=== Section Start ===

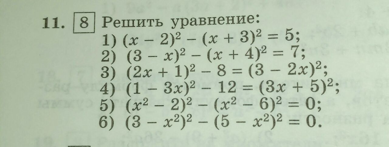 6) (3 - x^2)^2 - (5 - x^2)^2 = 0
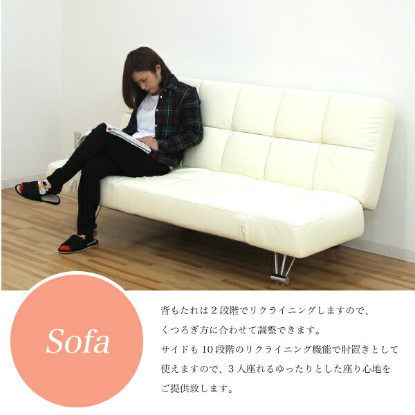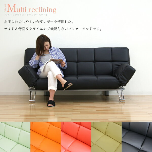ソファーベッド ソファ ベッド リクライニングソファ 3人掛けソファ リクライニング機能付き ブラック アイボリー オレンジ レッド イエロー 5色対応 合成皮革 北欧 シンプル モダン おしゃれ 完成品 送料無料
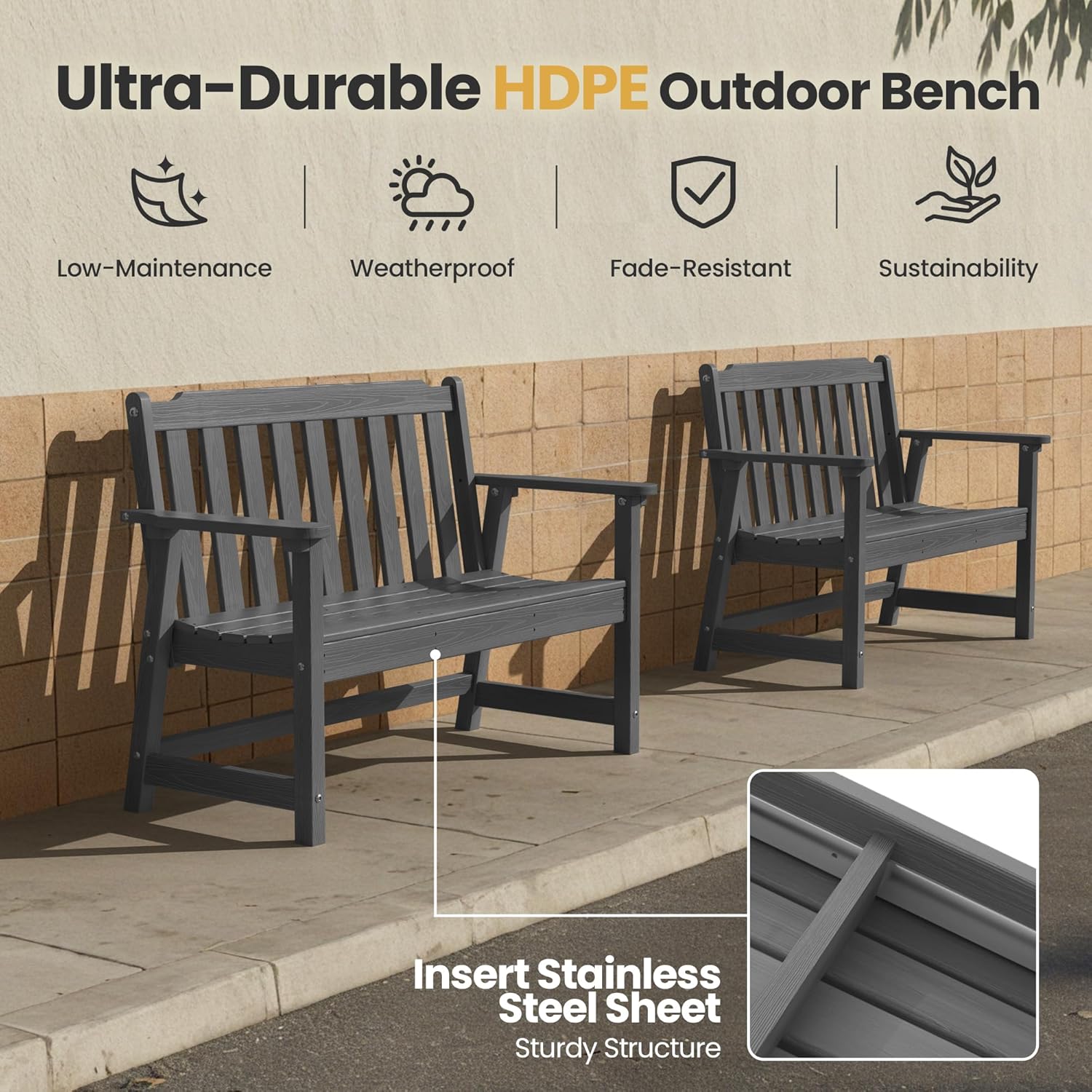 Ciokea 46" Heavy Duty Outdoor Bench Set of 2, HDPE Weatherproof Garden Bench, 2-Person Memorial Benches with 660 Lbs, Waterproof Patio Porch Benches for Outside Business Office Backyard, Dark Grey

=== Section End ===

## [How to complete this task]
Word for word, print all of the data; skip the pictures.

## [Expected output]
 6) (3 - x^2)^2 - (5 - x^2)^2 = 0
ソファーベッド ソファ ベッド リクライニングソファ 3人掛けソファ リクライニング機能付き ブラック アイボリー オレンジ レッド イエロー 5色対応 合成皮革 北欧 シンプル モダン おしゃれ 完成品 送料無料
 Ciokea 46" Heavy Duty Outdoor Bench Set of 2, HDPE Weatherproof Garden Bench, 2-Person Memorial Benches with 660 Lbs, Waterproof Patio Porch Benches for Outside Business Office Backyard, Dark Grey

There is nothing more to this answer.